The good news is that diffraction responds very well to deconvolution based sharpening, because it can be approximated decently well with a gaussian.
So stop down to f/16 (or f/22 if you must) and use deconvolution based sharpening with a larger radius.
There was a recent article on
http://www.onlandscape.co.uk/issues/l clearly stating that Nikon D800 (36MP) at f/22 and optimally sharpened outperformed a Sony Alpha 900 (24MP) at f/8 and also optimally sharpened (it was a pay article).
What I see in my own pictures that stopping down to f/16 is OK. On 4/3 you would get the same DoF at f/8. I would probably sharpen with the following parameters in LR:
Amount 45
Radius 1.3
Detail (100%, that kicks in deconvolution)
Masking 15%
And I would have some luminance noise reduction.
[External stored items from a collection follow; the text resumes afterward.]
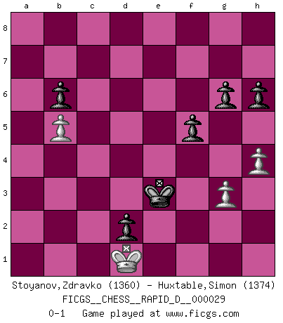 Last move : 0-1 2010 January 6 21:52:8 [Event "FICGS__CHESS__RAPID_D__000029"] [Site "FICGS"] [Date "2009.11.07"] [Round "1"] [White "Stoyanov,Zdravko"] [Black "Huxtable,Simon"] [Result "0-1"] [WhiteElo "1360"] [BlackElo "1374"] 1.e4 c6 2.Nf3 d5 3.e5 Bg4 4.Be2 e6 5.h3 Bxf3 6.Bxf3 Nd7 7.d4 c5 8.b3 cxd4 9.Qxd4 Bc5 10.Qf4 Qb6 11.Be3 Bb4+ 12.c3 Bc5 13.Bxc5 Nxc5 14.O-O Ne7 15.Nd2 Nf5 16.Bg4 Nh6 17.Bh5 O-O 18.Nf3 Ne4 19.Nd4 Nxc3 20.Rfc1 Rac8 21.Qe3 Ne4 22.Bf3 Nc5 23.Rc3 Rc7 24.Rac1 Rfc8 25.a3 Nd7 26.Be2 Nf5 27.Nxf5 Rxc3 28.Rxc3 Rxc3 29.Qxc3 exf5 30.b4 Kf8 31.a4 Ke7 32.a5 Qh6 33.Bf3 Qc6 34.Qd4 Ke6 35.Be2 b6 36.b5 Qc1+ 37.Kh2 Qc5 38.Qxc5 Nxc5 39.axb6 axb6 40.f4 Ne4 41.Bd3 f6 42.Be2 fxe5 43.fxe5 Kxe5 44.Bd3 Kd4 45.Be2 Ke3 46.Bf1 Nd2 47.Kg1 Nxf1 48.Kxf1 d4 49.Ke1 d3 50.h4 d2+ 51.Kd1 g6 52.g3 h6 0-1 Caro-Kann defense Kingside Castling by player White (move 14) Kingside Castling by player Black (move 17) 10 pieces endgame at move 48 : White KPPP , Black KPPPPP WHITE : King + 3 Pawns BLACK : King + 5 Pawns Player Black won this chess game. Follow this game move after move (download)All I want to do, ever, is just play Chess. (Bobby Fischer) Das Zentrum ist der Balkan des Schachbretts - Kriegshandlungen können in jedem Moment ausbrechen. (Aaron Nimzowitsch) Debes de llevar a tu oponente hacia un profundo y obscuro bosque donde 2+2=5, y el camino que conduce a la salida es suficientemente ancho para solamente uno. (Mikhail Tal) On entre au jeu d'Echecs comme on entre en Religion. Pour le joueur d'Echecs, la partie d'Echecs c'est l'office, la messe, le défilé du 1er Mai, le dépôt de gerbe au Monument aux Morts. C'est un drame sacré. (Michel Roos) But they are useless. They can only give you answers. (Pablo Picasso, about computers)
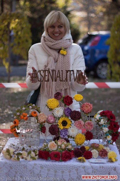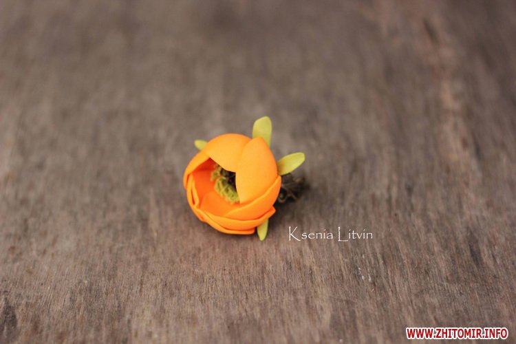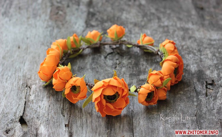 «Хенд-мейдом я вже займаюся 6 років, починала свою діяльність з майстер-класів в магазині фурнітури, а потім декупажем займалась і іграшки маленькі шила, а от буквально півтора роки тому я почула назву нового матеріалу і почала шукати що з нього роблять і коли побачила, які чудові квіти з нього можна зробити – я одразу купила майстер-клас, купила матеріал і приступила до роботи. Перша квітка в мене створювалась 5 годин. Наприклад віночок з яблуневого цвіту, такий як я представляла на конкурсі, там близько 3-4 годин. Буду продовжувати вдосконалюватись в створенні квітів, бо це завжди актуально», – зазначила Ксенія.
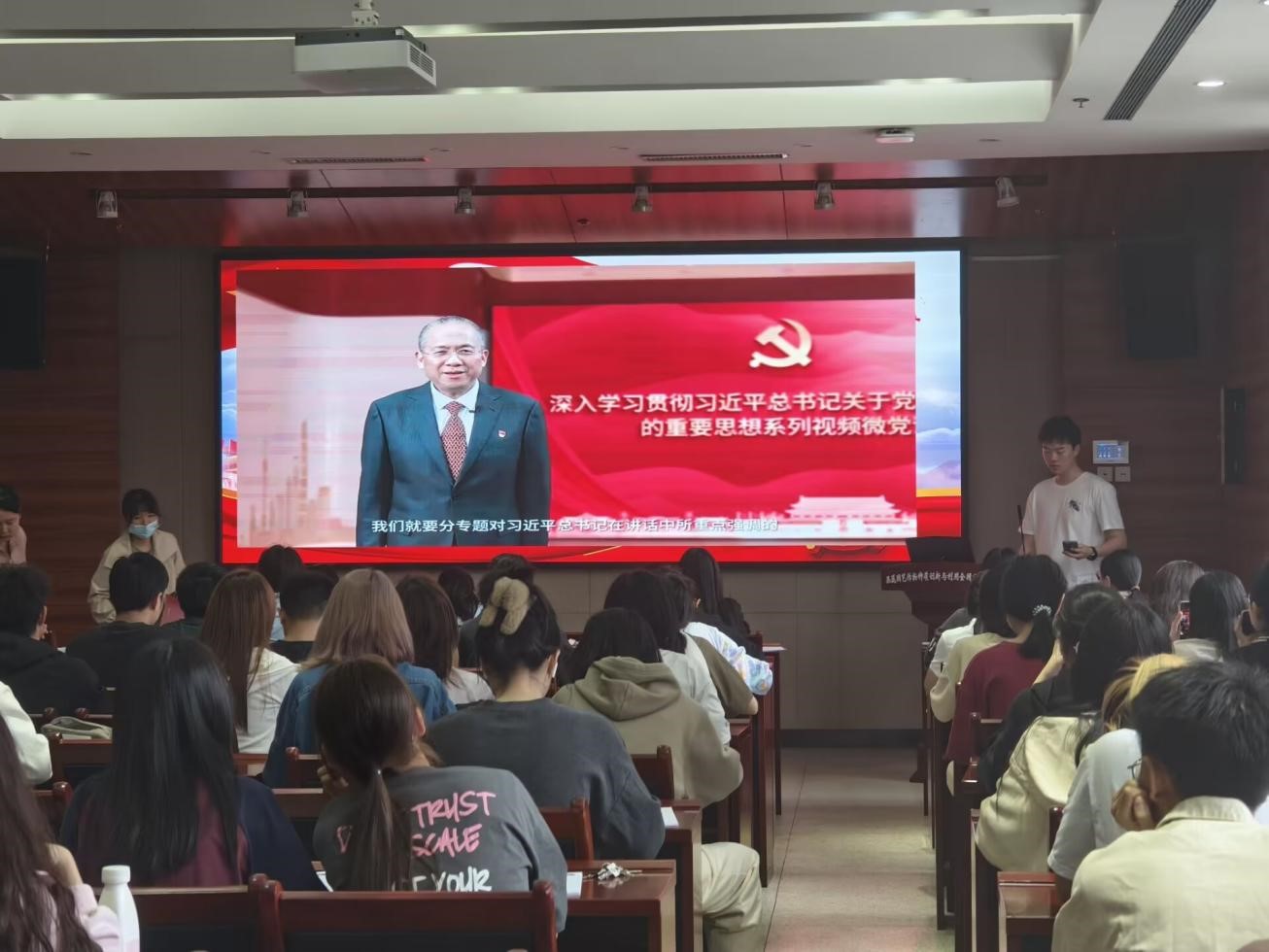 在集体观影环节中,学生们全神贯注地观看了“关于深入贯彻习近平总书记关于党的自我革命的重要思想”系列教育视频,通过生动的图像和清晰的解说,深化了对习近平新时代中国特色社会主义思想的理解。
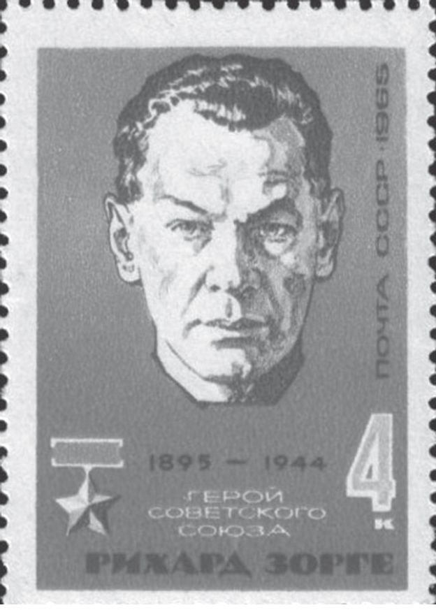 邮票中的佐尔格形象。这位德俄混血儿是20世纪最著名的苏联间谍,具有出神入化的间谍技能,为莫斯科提供了许多日方的绝密情报。

I have written three articles that touch on the issues:
http://echophoto.dnsalias.net/ekr/index.php/photoarticles/68-effects-of-diffractionhttp://echophoto.dnsalias.net/ekr/index.php/photoarticles/49-dof-in-digital-pictures?showall=1http://echophoto.dnsalias.net/ekr/index.php/photoarticles/29-handling-the-dof-trapBest regards
Erik
I am looking to increase depth of field in landscape photography for systems without access to good tilt-shift lenses. I understand the loss of other qualities that contribute to overall image quality inherent in choosing smaller sensor over larger sensor cameras. However, if you set that aside and concentrate solely on maximizing depth of field, it would appear that smaller sensor cameras have an inherent advantage. However, it also appears that the smaller the sensor and the more densely packed the sensels, the wider the f-stop at which diffraction begins to degrade image sharpness, thus negating at least some of the improvement in image sharpness from the greater depth of field. Is there any short-hand way of measuring this trade-off so that one could determine the optimum sensor size/megapixel count (for any given lens/focal length and f-stop) for maximum depth of field without degradation from diffraction? Or is the reality that diffraction denies any significant advantage to the smaller sensors and therefore, for maximizing depth of field, in the end sensor size doesn't really matter?